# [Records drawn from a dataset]
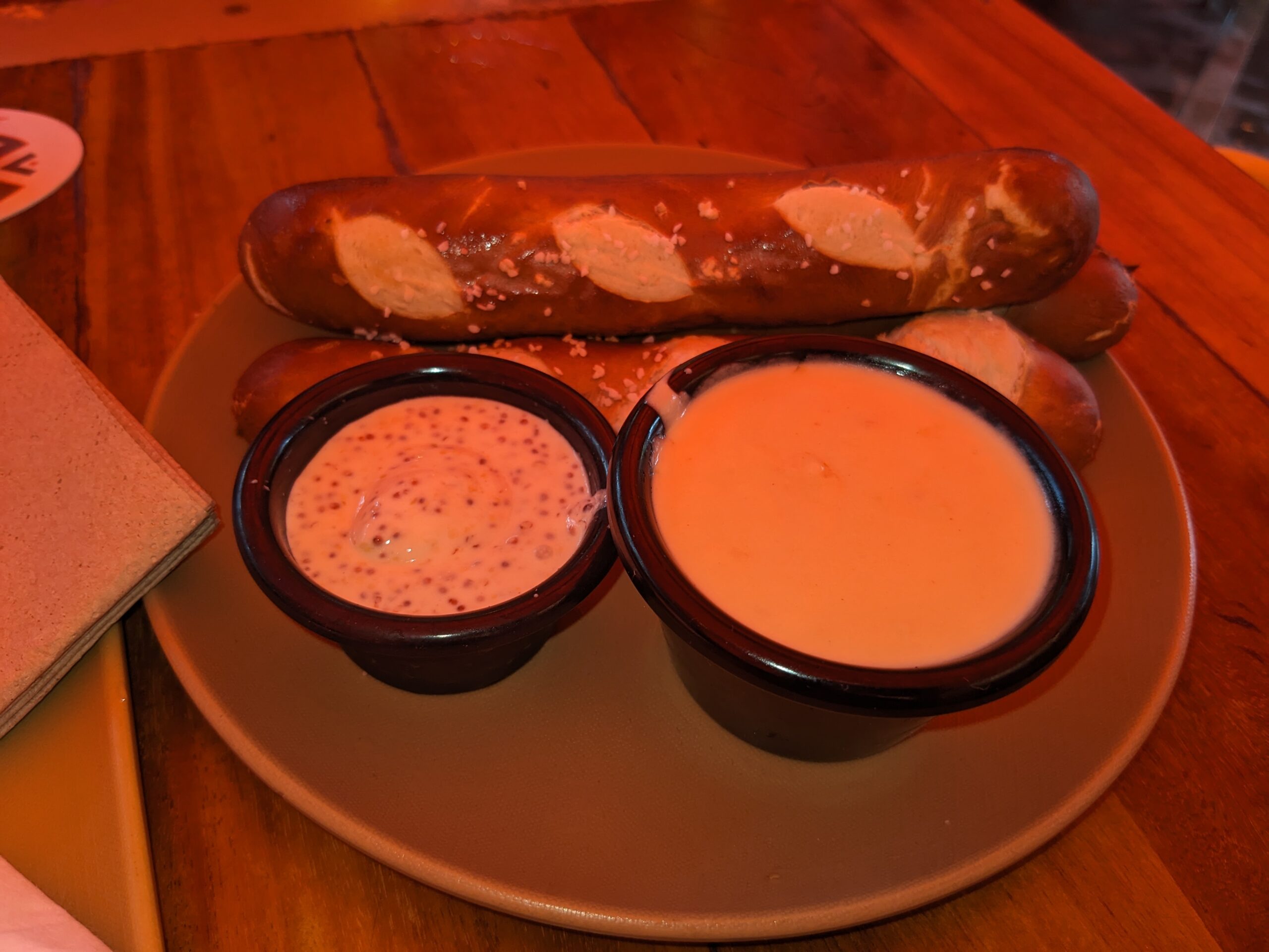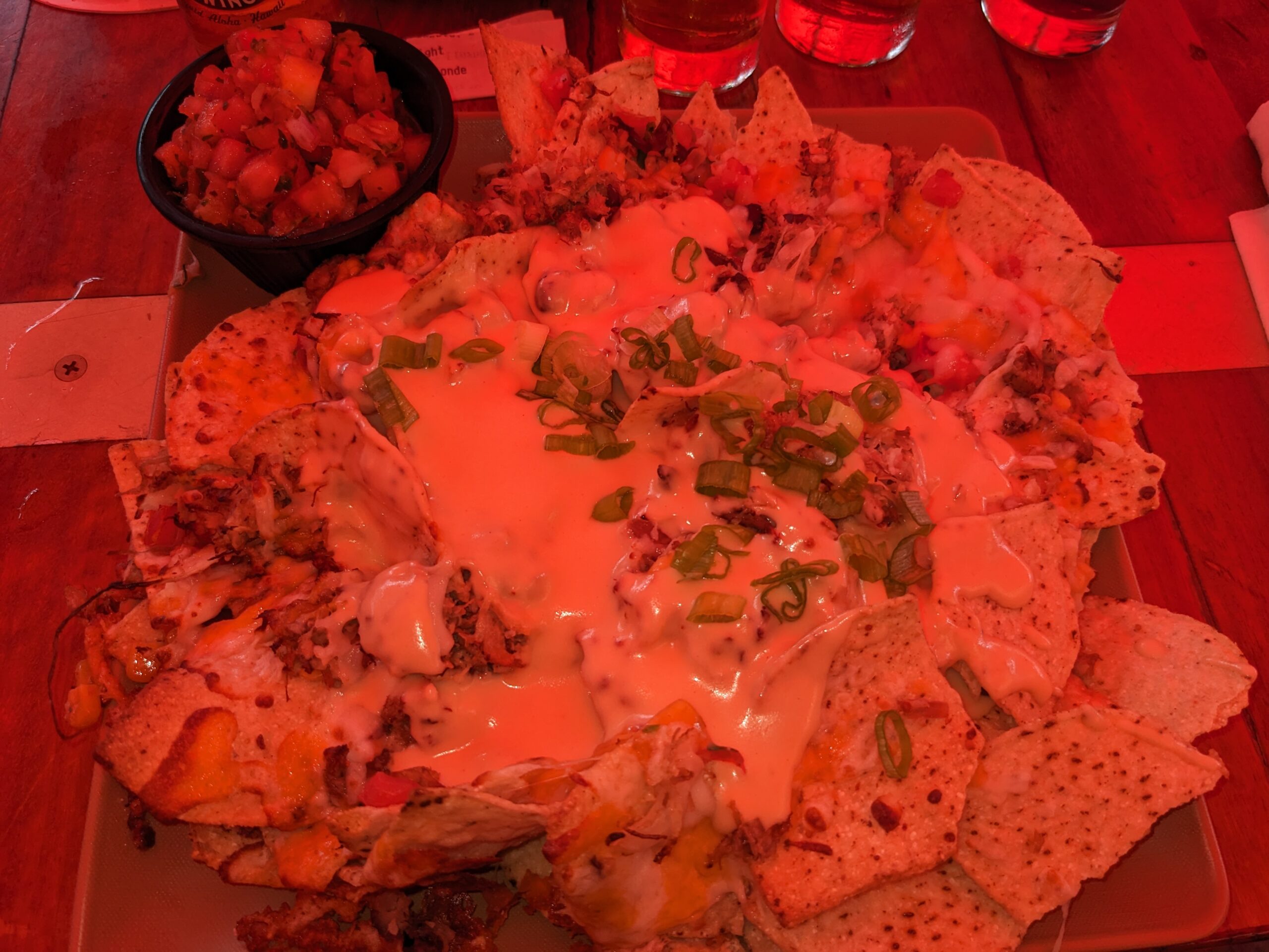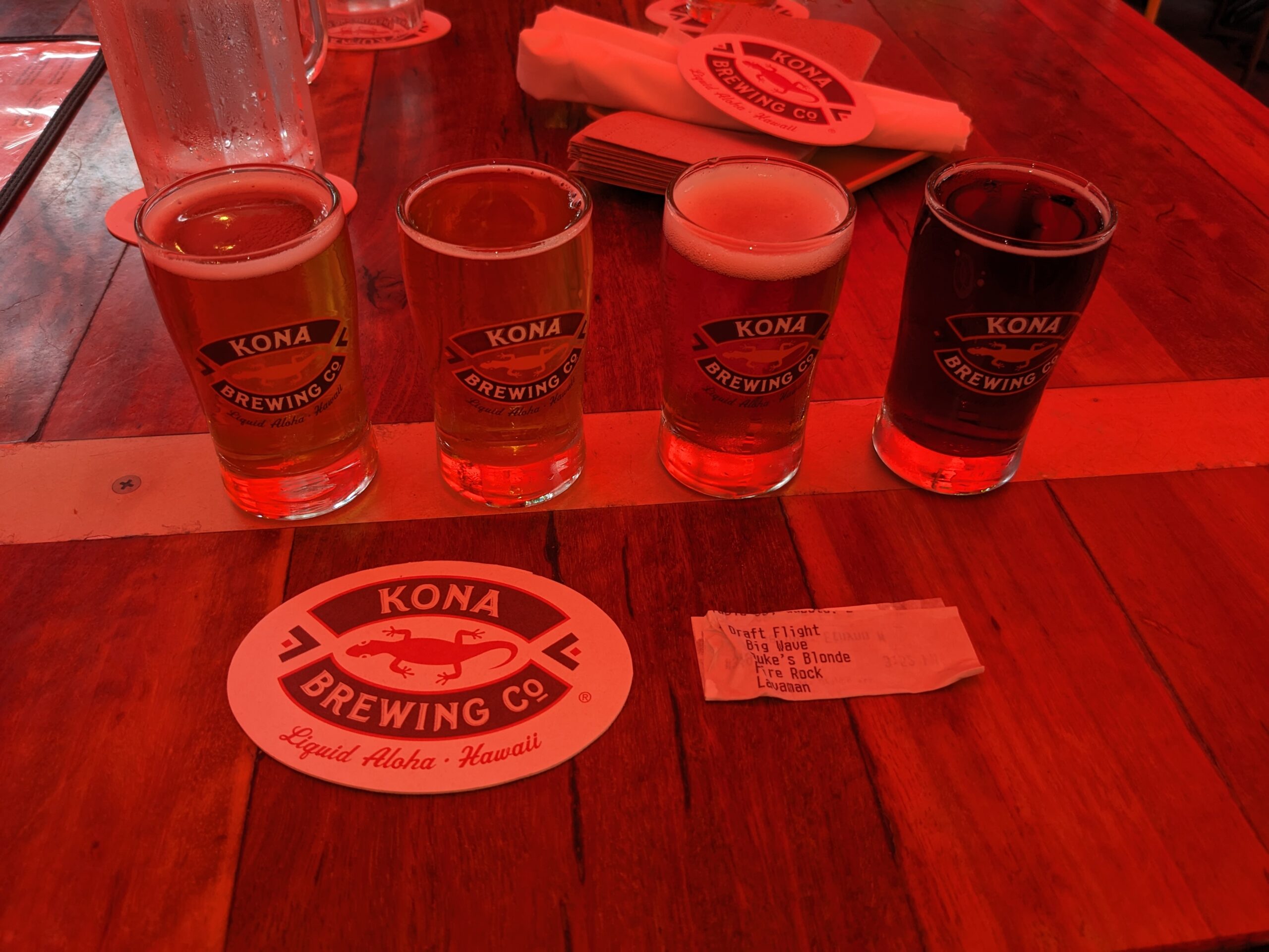 I made good progress on the puzzle and after the football game on I put on HGTV. After Uncle Andy and I watched a couple of episodes of Bargain Block we headed out to the Kona Brewing Company. I tried another flight of beer and had the kalua pork nachos. The nachos were very good as was the pretzel stick we had as an appetizer (we were sitting out side under a red umbrella which is why the pictures all have a red tint). I liked several of the Kona Brewing shirts they had for sale and after hemming and hawing finally picked one. It’s not one of the beers I like (it’s a porter) but I liked the design of the shirt. As we were walking back to the car I mentioned the long-sleeve shirt that I was carrying was from Great Lakes Brewery but that I had picked it up at Goodwill. That sparked an idea that I should check the Goodwill in Kona for any shirts that I could turn into a souvenir. The Goodwill was less than a mile away so we headed right there. Although I found a couple of shirts I liked (not Kona Brewing shirts), when I tried them on they didn’t fit quite right so I walked out empty handed.
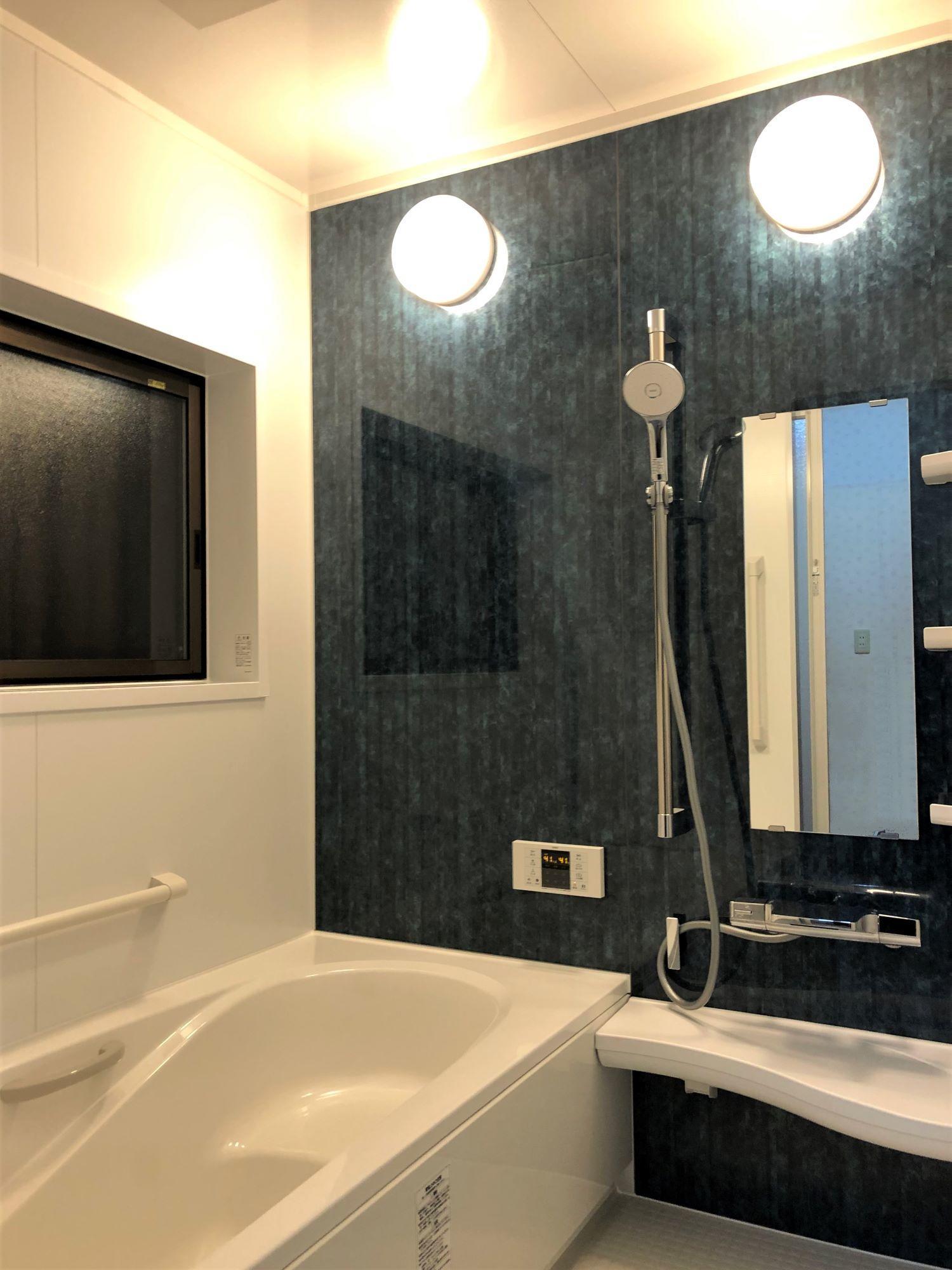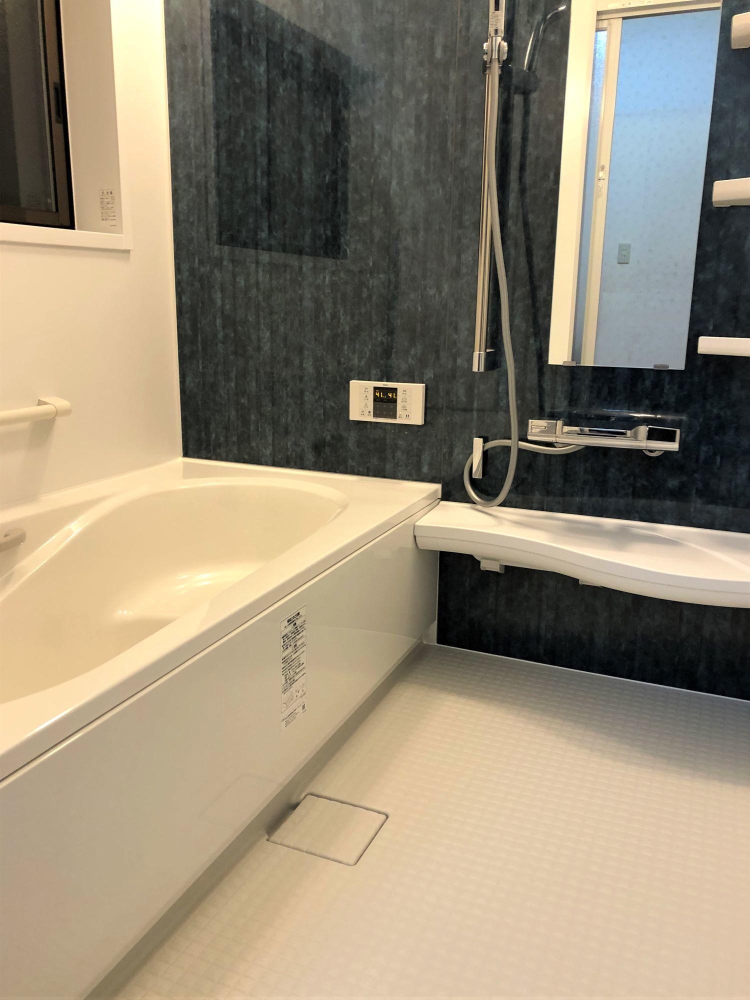 「工事前の印象を一切なくしたい」とS様たってのご希望で、リフォーム前と雰囲気を一新。デザインや内装はご家族皆様でご検討頂きました。壁の深いブルーはショールームをご見学された際に第一印象で選ばれました。清潔感もある落ち着いた雰囲気の浴室に生まれ変わったと思います。
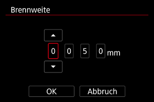 - Die Brennweite kann in einem Bereich von 1 bis 1000 mm (in Schritten von 1 mm) eingestellt werden.
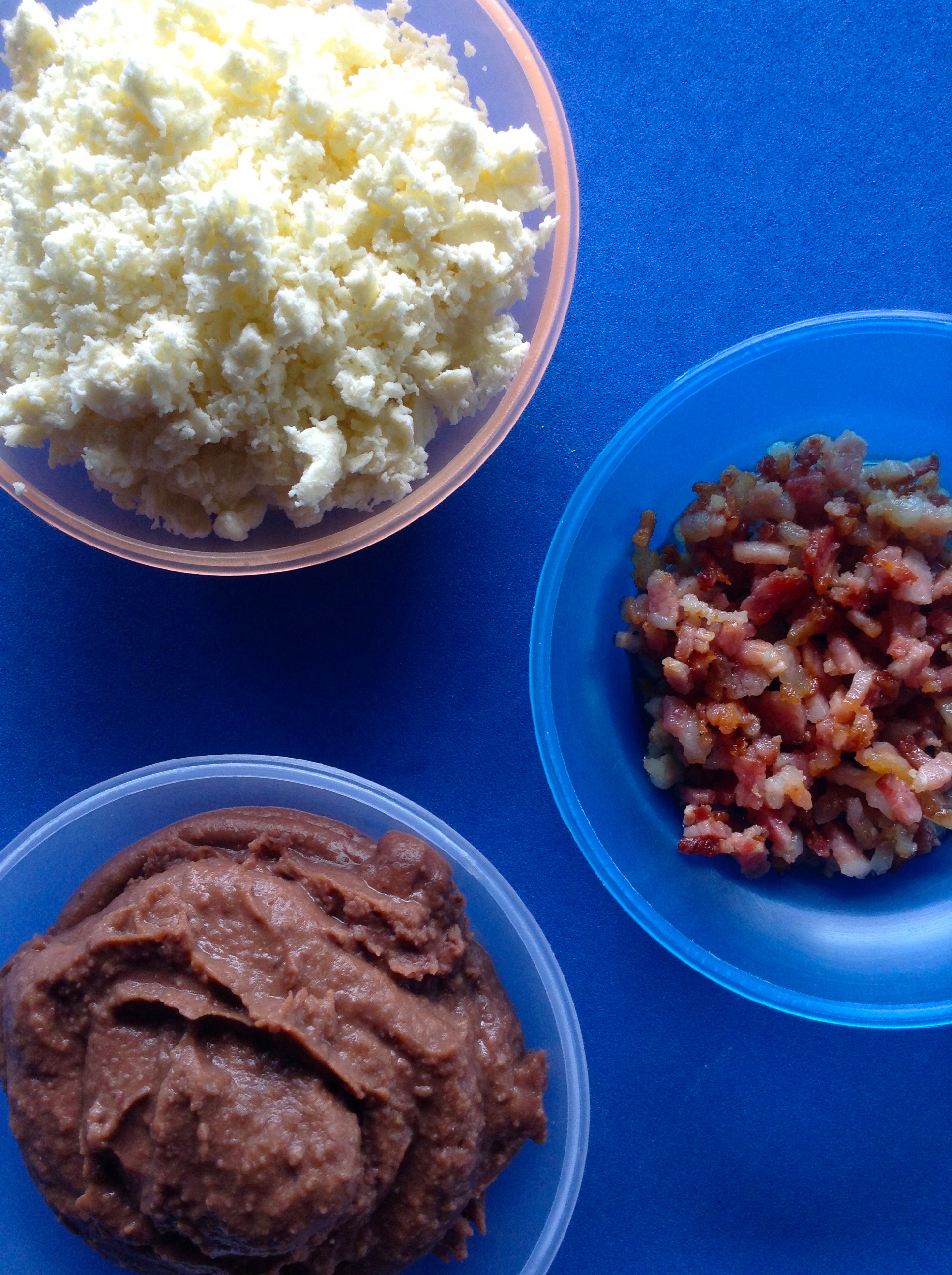 Mezclo el queso, el tocino y la pasta de los frijoles.
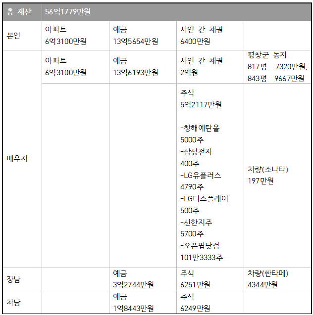 배우자는 예금 13억6193만원, 사인 간 채권 2억원, 평창군 봉평면 농지 817평(7320만원)과 843평(9667만원) 등을 신고했다.

# [PROBLEM]
Write out exactly the lines from the line holding "- Die Brennweite" through the last line of the records above, inclusive, and nothing more. Leave out the pictures.

# [RESULT OF THIS TASK]
 - Die Brennweite kann in einem Bereich von 1 bis 1000 mm (in Schritten von 1 mm) eingestellt werden.
 Mezclo el queso, el tocino y la pasta de los frijoles.
 배우자는 예금 13억6193만원, 사인 간 채권 2억원, 평창군 봉평면 농지 817평(7320만원)과 843평(9667만원) 등을 신고했다.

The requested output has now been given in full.